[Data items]

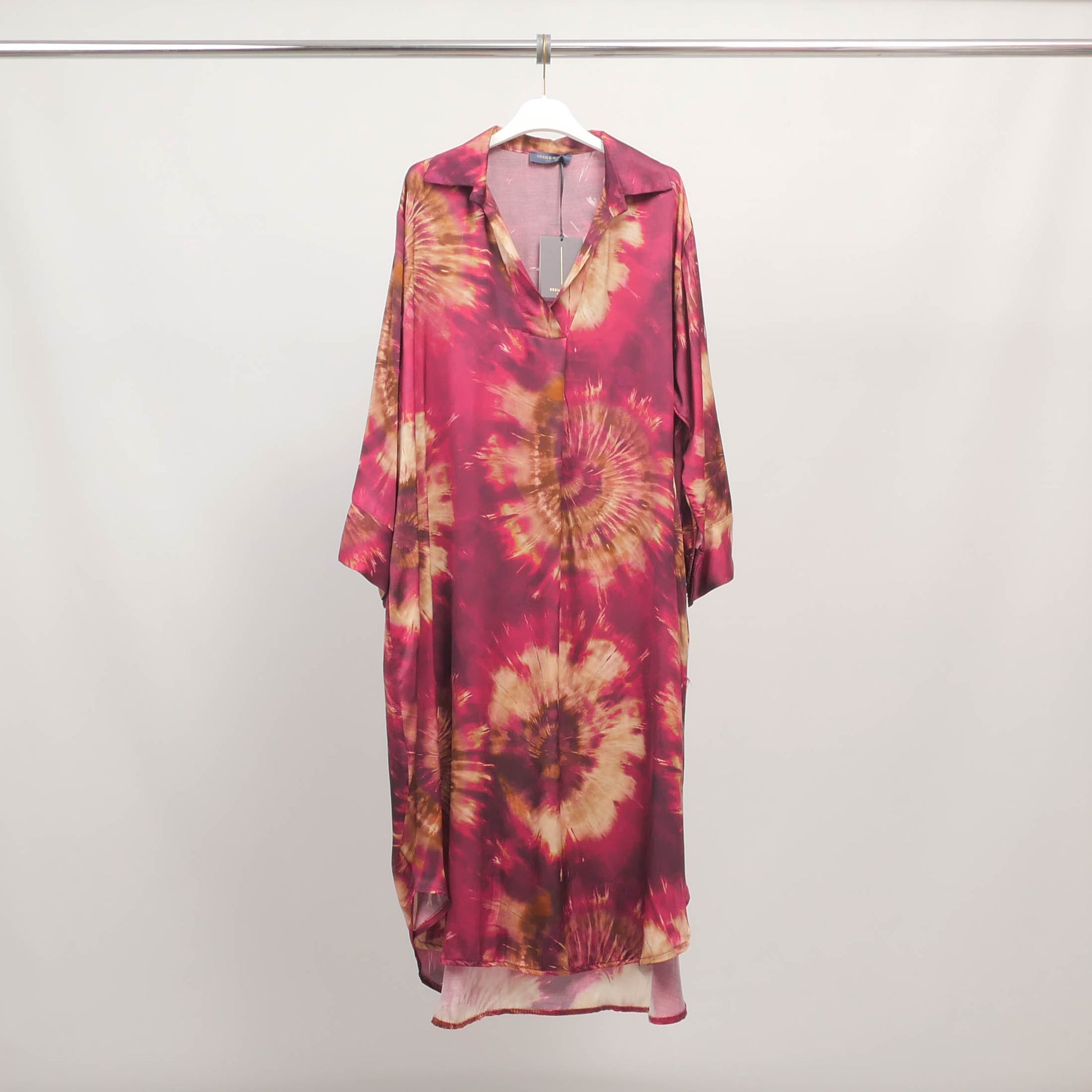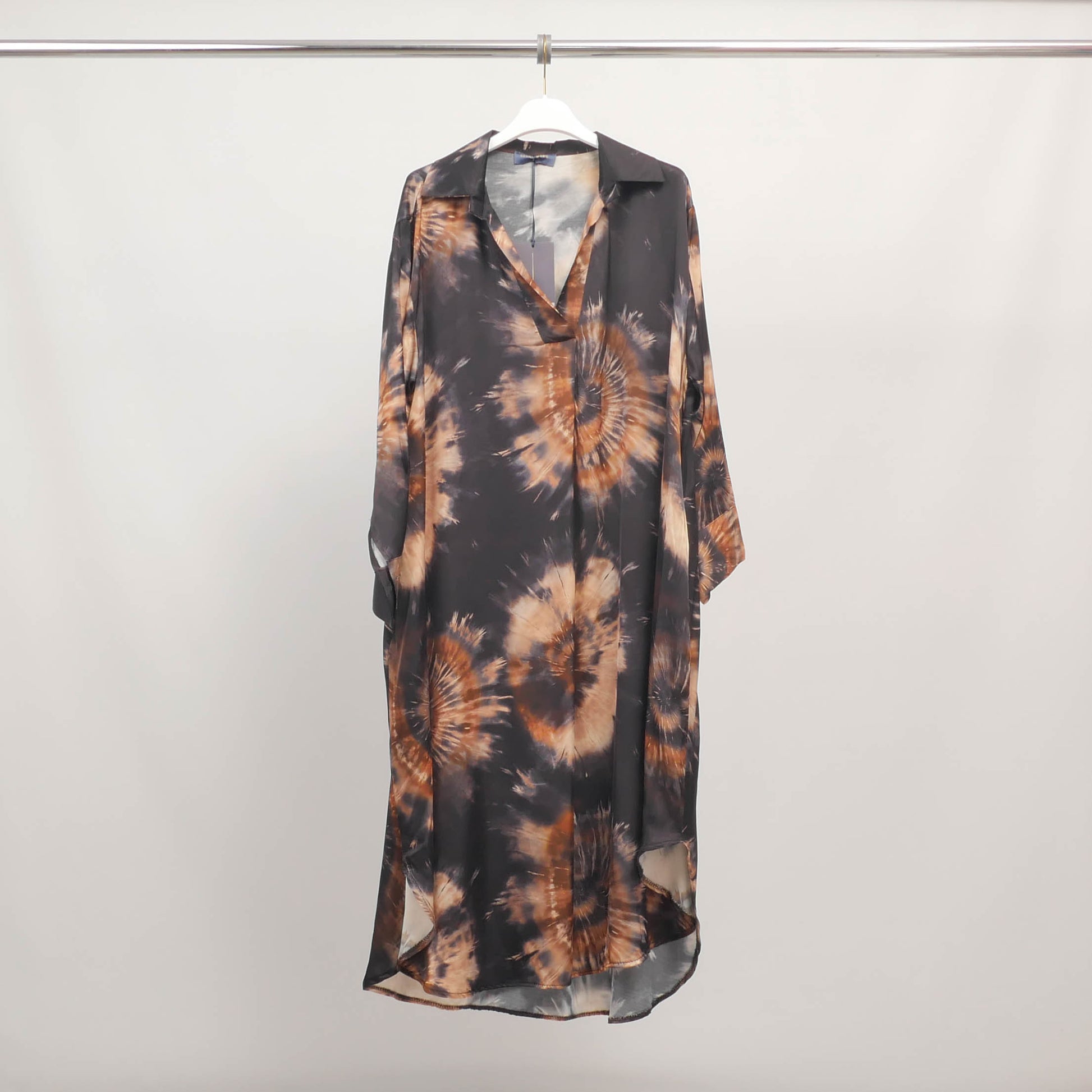 Laissez-vous séduire par cette robe fluide au motif tie & dye artistique, parfaite pour un look bohème-chic. Confectionnée dans une matière légère et soyeuse, elle offre un tombé élégant et un confort inégalé.
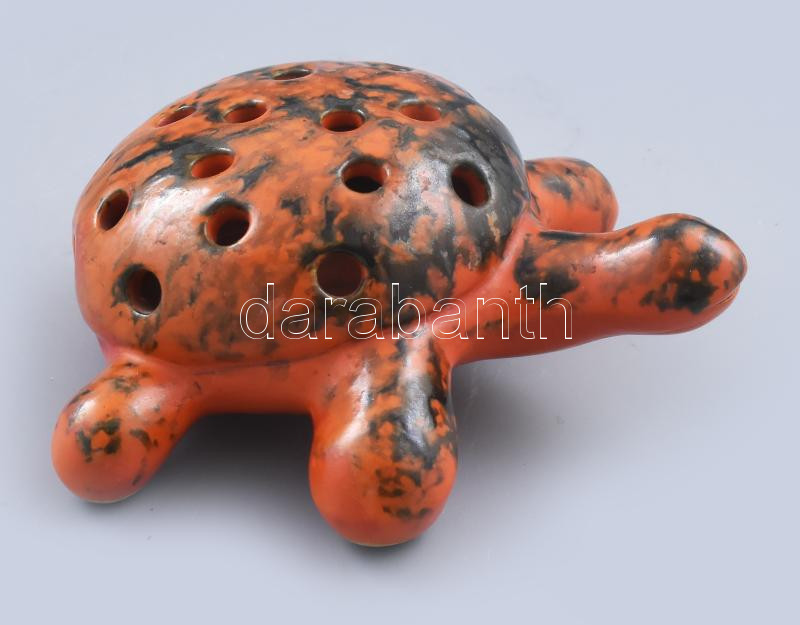 Tófej kerámia ikebana teknős. Kézzel festett, jelzett, hibátlan. 15x14 cm
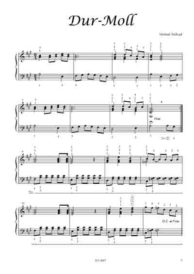 und Moll (aus: 10 "mittelschwere" Klavierstücke) Bei diesem kleinen Stück prallen die beiden Tongeschlechter hart aufeinander. Der erste Teil (8 Takte) bewegt sich im strahlenden A-Dur, während der zweite Teil (ebenfalls 8 Takte) ohne viel Umschweife in fis-moll operiert. (Mit Fingersätzen versehen) [für fortgeschrittene Anfänger; 1 Seite; von Michael Seilkopf] |
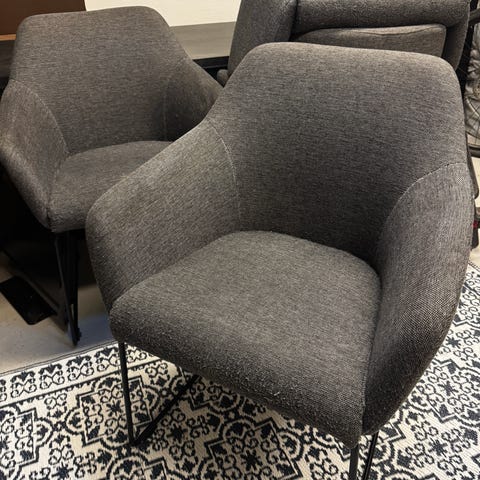 6 stycken stilrena grå matbordsstolar som är väldigt sköna. Nypris över 1000kr styck säljer 6 stycken för 600kr. Vissa är lite solblekta men inget som man stör sig på.
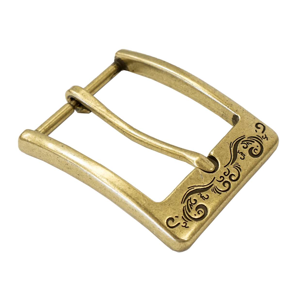 Squared Engraved Heel Bar Buckle. Antique Brass Plate, 1-1/2" (38.1mm)
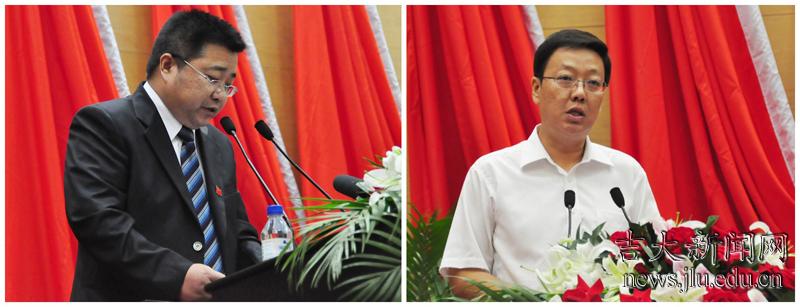 先进基层党组织获奖单位代表、商学院党委书记蔡志刚,优秀党员代表、汽车工程学院党委副书记刘炳恩分别在会上发言。

Your assignment: Output each entry shown above exactly as it stands, with all pictures removed.

Output for this exercise:
 Laissez-vous séduire par cette robe fluide au motif tie & dye artistique, parfaite pour un look bohème-chic. Confectionnée dans une matière légère et soyeuse, elle offre un tombé élégant et un confort inégalé.
 Tófej kerámia ikebana teknős. Kézzel festett, jelzett, hibátlan. 15x14 cm
 und Moll (aus: 10 "mittelschwere" Klavierstücke) Bei diesem kleinen Stück prallen die beiden Tongeschlechter hart aufeinander. Der erste Teil (8 Takte) bewegt sich im strahlenden A-Dur, während der zweite Teil (ebenfalls 8 Takte) ohne viel Umschweife in fis-moll operiert. (Mit Fingersätzen versehen) [für fortgeschrittene Anfänger; 1 Seite; von Michael Seilkopf] |
 6 stycken stilrena grå matbordsstolar som är väldigt sköna. Nypris över 1000kr styck säljer 6 stycken för 600kr. Vissa är lite solblekta men inget som man stör sig på.
 Squared Engraved Heel Bar Buckle. Antique Brass Plate, 1-1/2" (38.1mm)
 先进基层党组织获奖单位代表、商学院党委书记蔡志刚,优秀党员代表、汽车工程学院党委副书记刘炳恩分别在会上发言。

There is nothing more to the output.